◆ **WHAT THE TASK ASKS**:
Print out each entry without alteration, and keep the pictures out.
------------------------------
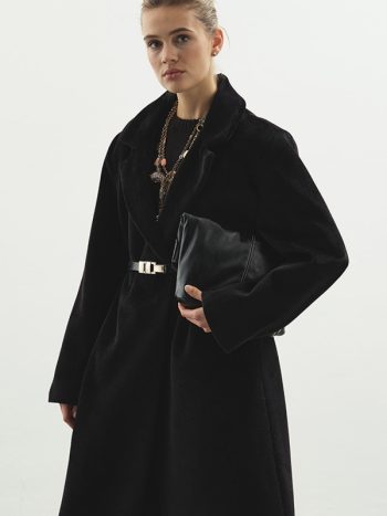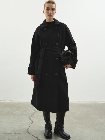 FEATURES OF THE LONG DOUBLE-BREASTED CASHMERE BLACK COAT: Jacket collar, double-breasted closure, hidden button detailing, side pockets, belt accessory, regular
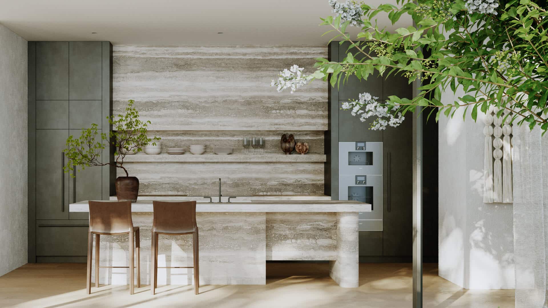 The material language is warm and layered, featuring bagged brick, antique satin brass, European Oak timber and natural stones. Full-height doors and a central light court introduce scale and openness, while solid columns and crafted thresholds create delineation without division.
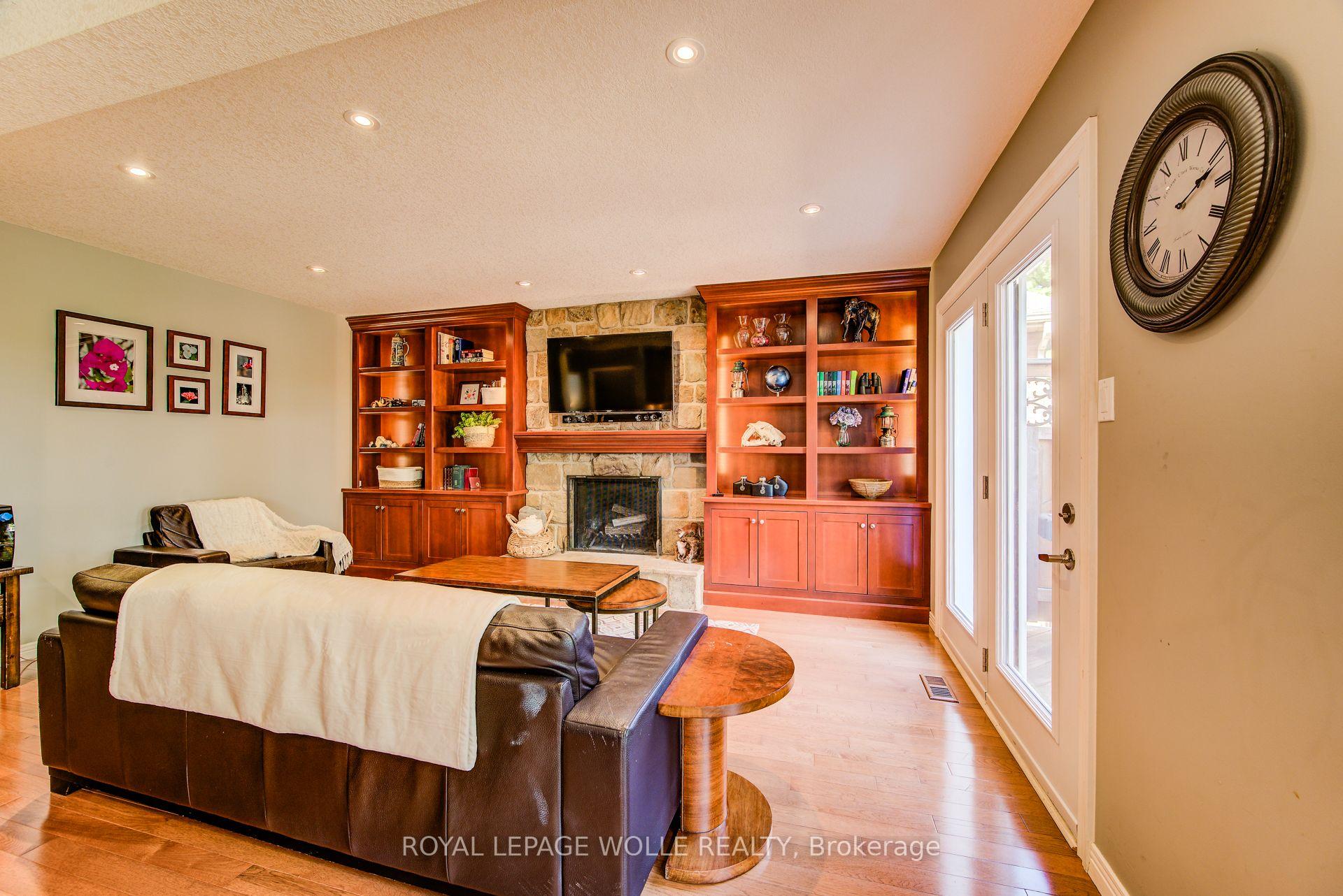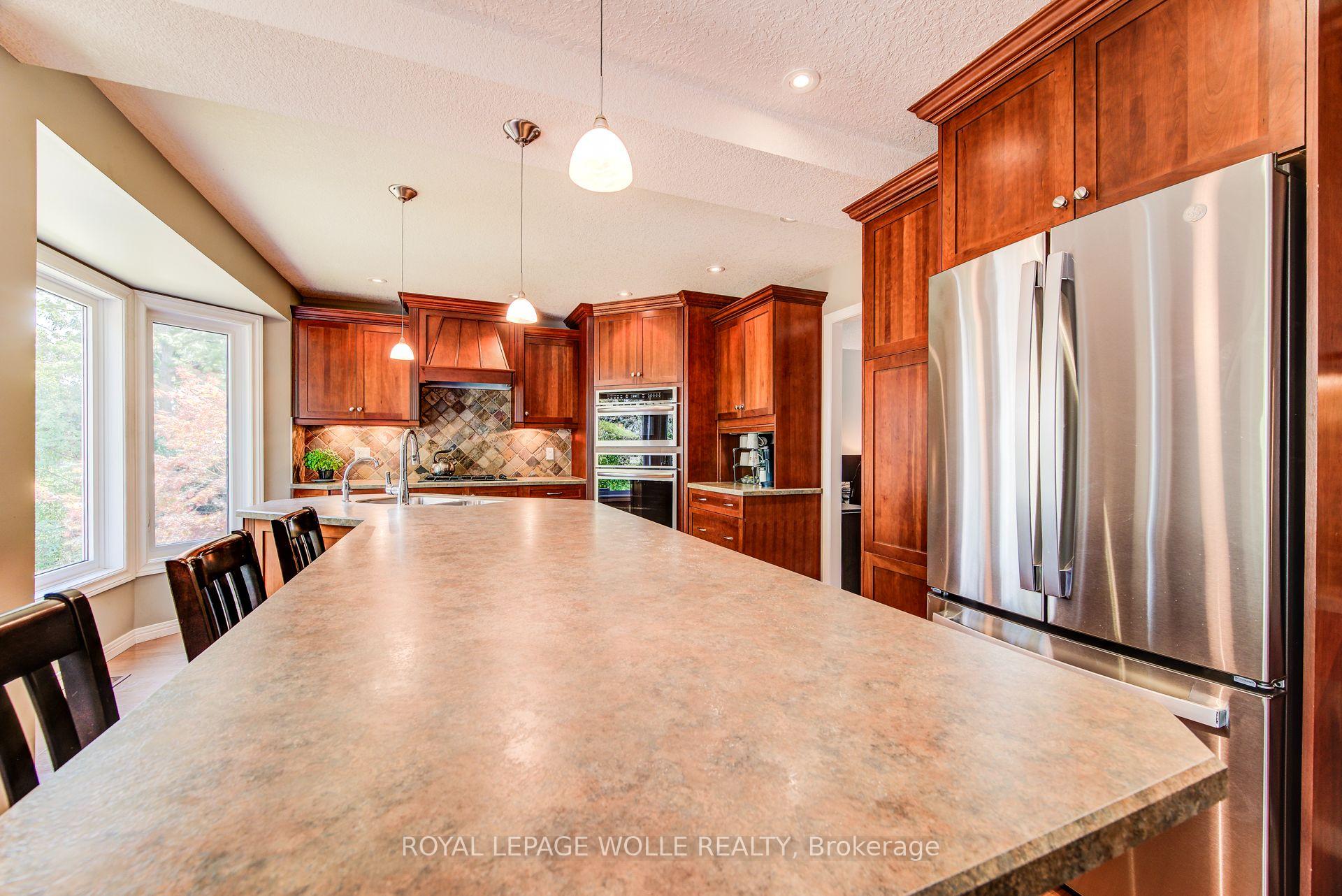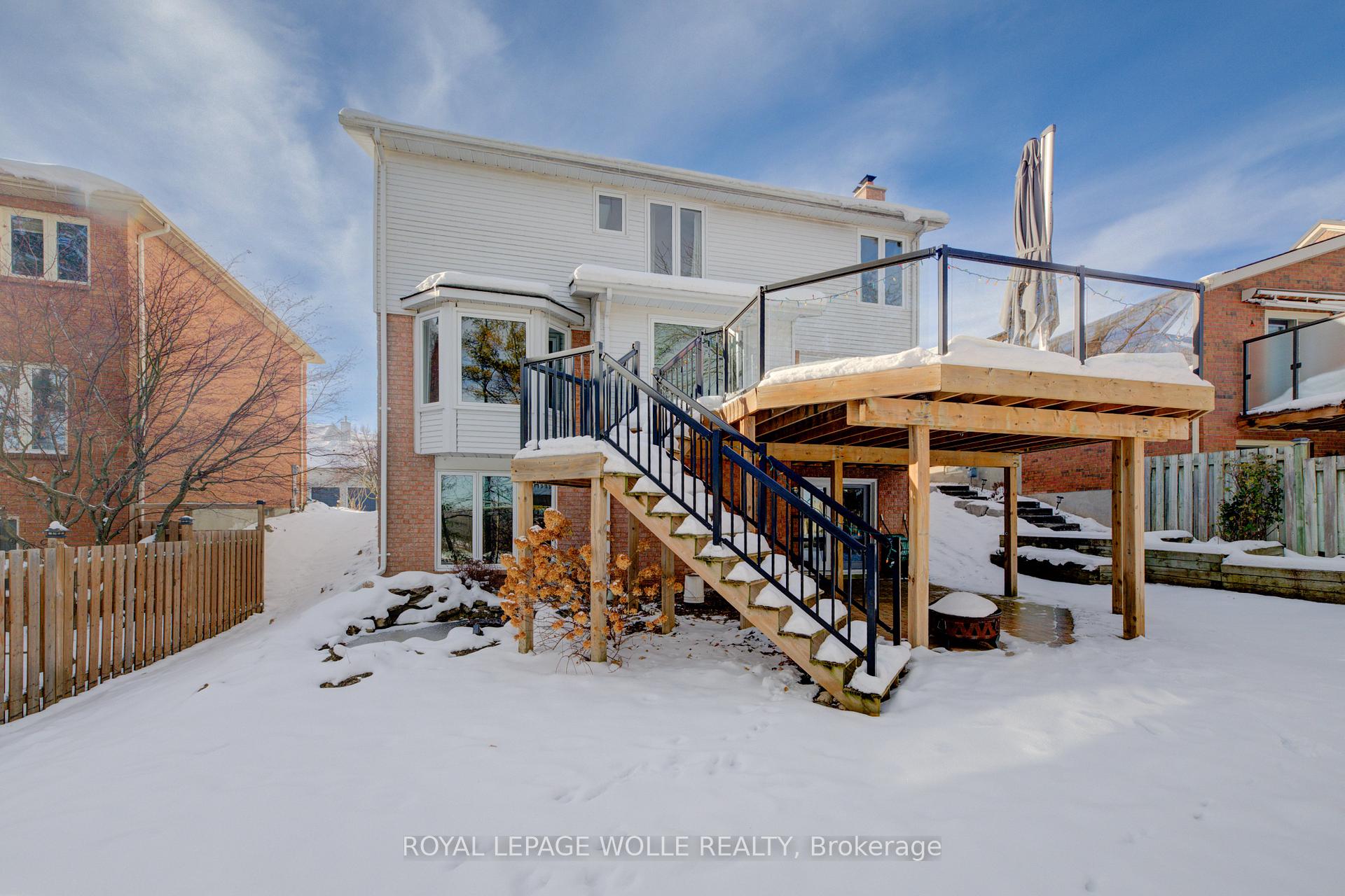 Prime, Chicopee Court Executive Home backing onto Nature, Walter Bean Trail! Welcome to this tastefully decorated home nestled on a quiet, family-friendly, choice court in Kitchener. This beautifully maintained property offers picturesque views of the mature treed greenbelt and the Grand River, with direct access to the Walter Bean Trail, making it a nature lover’s dream. Inside, you’ll find a renovated kitchen featuring high end cabinetry, built-ins, and gleaming hardwood floors, seamlessly connected to a spacious eat-in area and open-concept family room adorned with built in cabinetry. Step out from the family room with wood fireplace through French doors and onto the extra-large deck (six years young) with elegant glass panels, perfect for entertaining or relaxing while enjoying the tranquil surroundings. Upstairs, the oversized primary bedroom (20′ x 12′) serves as a luxurious retreat, complete with a modernized ensuite boasting a soaker jet tub, contemporary tiling and glass shower enclosure all beneath a skylight for the ultimate spa-like experience. Note primary bedroom’s spacious walk in closet featuring an organization system by California Closets. The finished walkout basement features oversized windows and French doors, offering abundant natural light and flexible living space. Wet bar and large, open rec room provide additional entertaining options. The home is professionally landscaped, enhancing its curb appeal and outdoor enjoyment. Note the shed in back yard – ideal for additional storage with mezzanine level perfect for children adventures. This is a rare opportunity to own a home that combines comfort, style, and stunning natural beauty in one of Kitchener’s most desirable neighbourhoods.
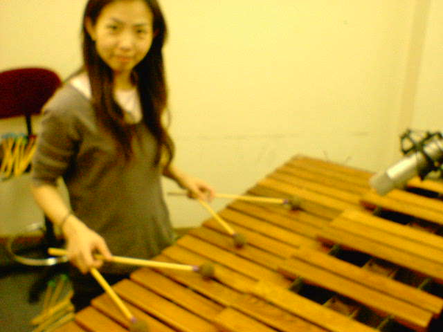 パーカッション、ベースを録り終え、その上にギター、フルートなどなど重ねていただき、マリンバとビブラフォンの録音に尾山台まで行ってきました。
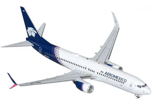 Brand new 1/200 scale diecast airplane model of Boeing 737-800 Commercial Aircraft "AeroMexico" (N957AM) White with Dark Blue Tail "Gemini 200" Series die cast model by GeminiJets.
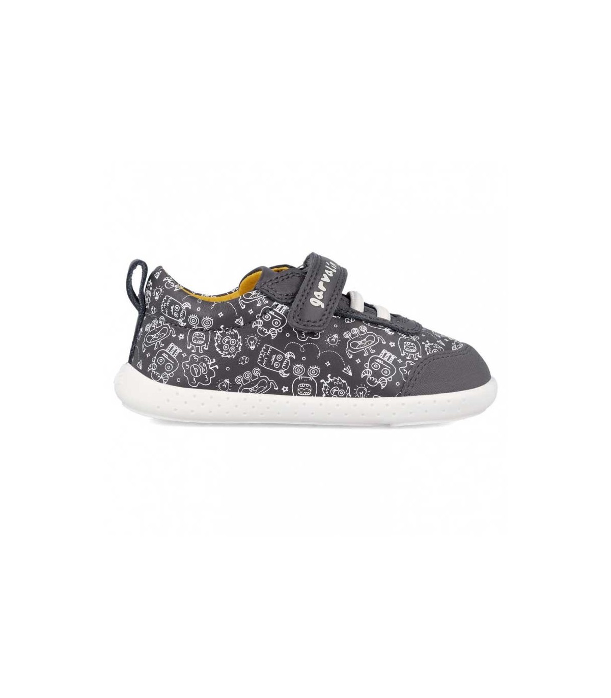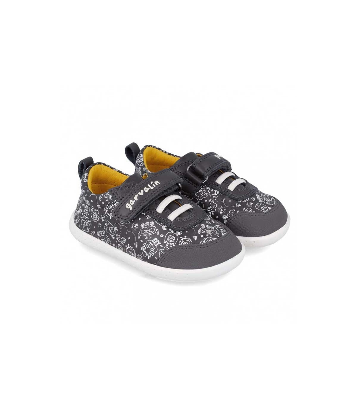 Zapatillas blanditas Garvalín gris antracita con estampado blanco, calzado respetuoso con el desarrollo natural del pie. Drop cero.
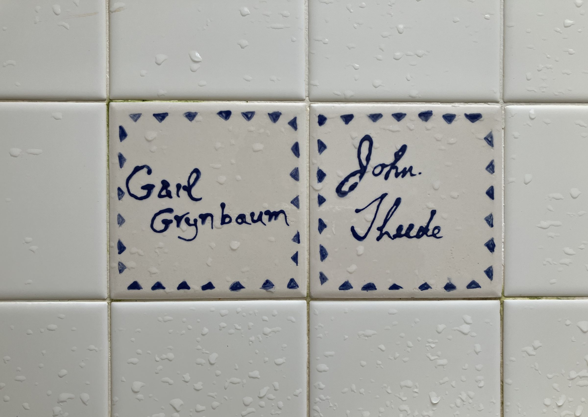 Similar to Tile 29 on east wall, but both names are on one tile.Made/Created
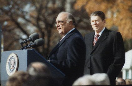 A las 9:55 de la noche, con la voz segura de un estadista, Reagan abrió formalmente el brindis. Subrayó el peso de Venezuela como referente democrático en América Latina y, con tono solemne, evocó la figura de Simón Bolívar: “Es incalculable la deuda de gratitud que los estadounidenses deben a Simón Bolívar. Por lo tanto, es apropiado que debamos hacer una pausa y reflexionar sobre sus grandes logros en este bicentenario de su nacimiento… Bolívar, más que cualquier otra figura en la historia del hemisferio occidental, entendió que, aunque somos ciudadanos de países separados, somos miembros de una familia en el Nuevo Mundo: somos americanos”.
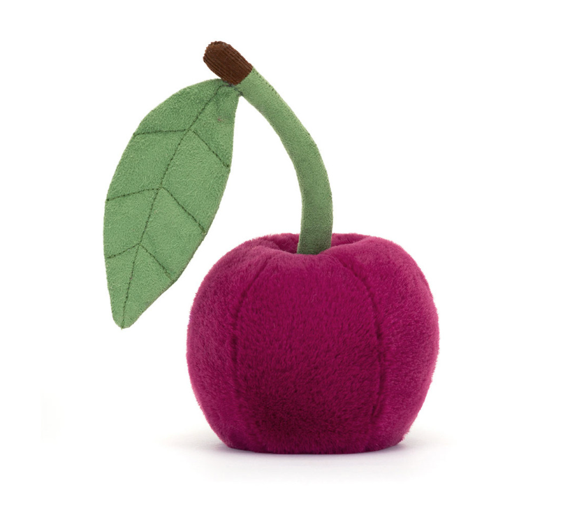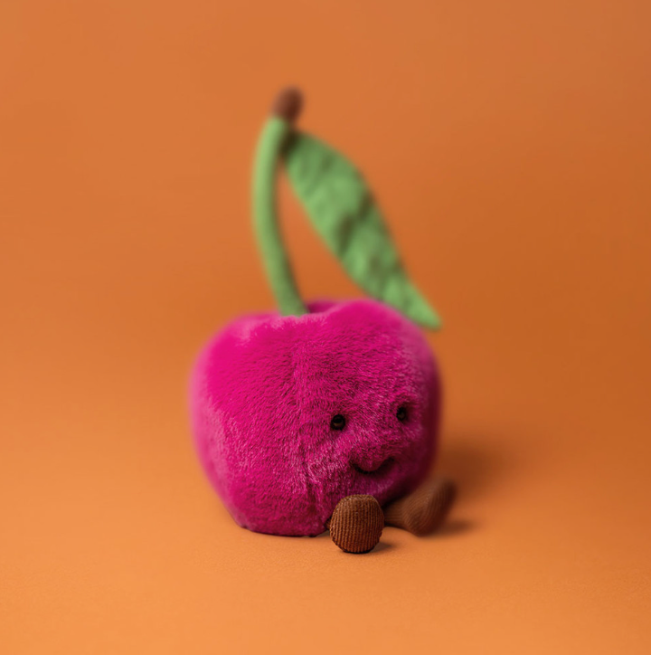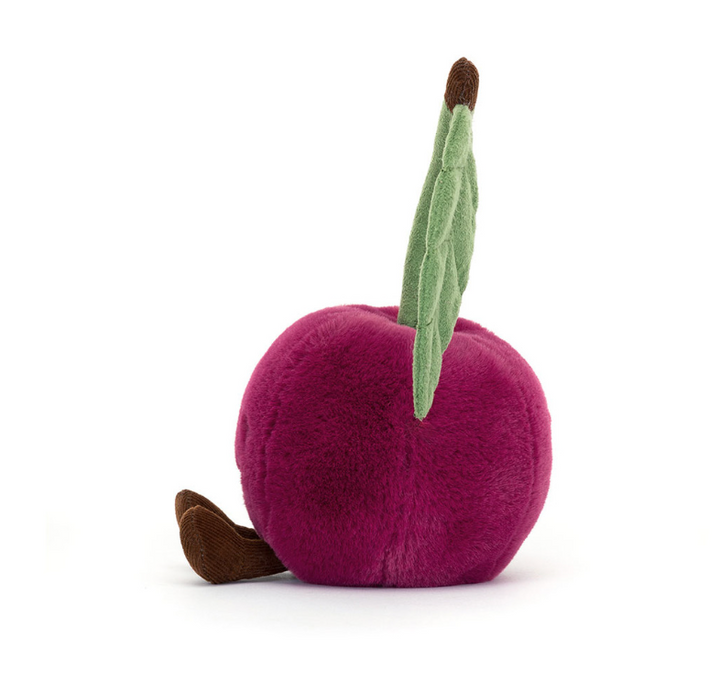Amuseables Cherry is a scrumptious pal with magenta fur and a friendly stitch smile. With cocoa cord boots, a two-tone stalk and a green embroidered suedette leaf, this cheeky berry brightens any desk.
------------------------------
◆ **ANSWER SECTION**:
 FEATURES OF THE LONG DOUBLE-BREASTED CASHMERE BLACK COAT: Jacket collar, double-breasted closure, hidden button detailing, side pockets, belt accessory, regular
 The material language is warm and layered, featuring bagged brick, antique satin brass, European Oak timber and natural stones. Full-height doors and a central light court introduce scale and openness, while solid columns and crafted thresholds create delineation without division.
 Prime, Chicopee Court Executive Home backing onto Nature, Walter Bean Trail! Welcome to this tastefully decorated home nestled on a quiet, family-friendly, choice court in Kitchener. This beautifully maintained property offers picturesque views of the mature treed greenbelt and the Grand River, with direct access to the Walter Bean Trail, making it a nature lover’s dream. Inside, you’ll find a renovated kitchen featuring high end cabinetry, built-ins, and gleaming hardwood floors, seamlessly connected to a spacious eat-in area and open-concept family room adorned with built in cabinetry. Step out from the family room with wood fireplace through French doors and onto the extra-large deck (six years young) with elegant glass panels, perfect for entertaining or relaxing while enjoying the tranquil surroundings. Upstairs, the oversized primary bedroom (20′ x 12′) serves as a luxurious retreat, complete with a modernized ensuite boasting a soaker jet tub, contemporary tiling and glass shower enclosure all beneath a skylight for the ultimate spa-like experience. Note primary bedroom’s spacious walk in closet featuring an organization system by California Closets. The finished walkout basement features oversized windows and French doors, offering abundant natural light and flexible living space. Wet bar and large, open rec room provide additional entertaining options. The home is professionally landscaped, enhancing its curb appeal and outdoor enjoyment. Note the shed in back yard – ideal for additional storage with mezzanine level perfect for children adventures. This is a rare opportunity to own a home that combines comfort, style, and stunning natural beauty in one of Kitchener’s most desirable neighbourhoods.
 パーカッション、ベースを録り終え、その上にギター、フルートなどなど重ねていただき、マリンバとビブラフォンの録音に尾山台まで行ってきました。
 Brand new 1/200 scale diecast airplane model of Boeing 737-800 Commercial Aircraft "AeroMexico" (N957AM) White with Dark Blue Tail "Gemini 200" Series die cast model by GeminiJets.
 Zapatillas blanditas Garvalín gris antracita con estampado blanco, calzado respetuoso con el desarrollo natural del pie. Drop cero.
 Similar to Tile 29 on east wall, but both names are on one tile.Made/Created
 A las 9:55 de la noche, con la voz segura de un estadista, Reagan abrió formalmente el brindis. Subrayó el peso de Venezuela como referente democrático en América Latina y, con tono solemne, evocó la figura de Simón Bolívar: “Es incalculable la deuda de gratitud que los estadounidenses deben a Simón Bolívar. Por lo tanto, es apropiado que debamos hacer una pausa y reflexionar sobre sus grandes logros en este bicentenario de su nacimiento… Bolívar, más que cualquier otra figura en la historia del hemisferio occidental, entendió que, aunque somos ciudadanos de países separados, somos miembros de una familia en el Nuevo Mundo: somos americanos”.
Amuseables Cherry is a scrumptious pal with magenta fur and a friendly stitch smile. With cocoa cord boots, a two-tone stalk and a green embroidered suedette leaf, this cheeky berry brightens any desk.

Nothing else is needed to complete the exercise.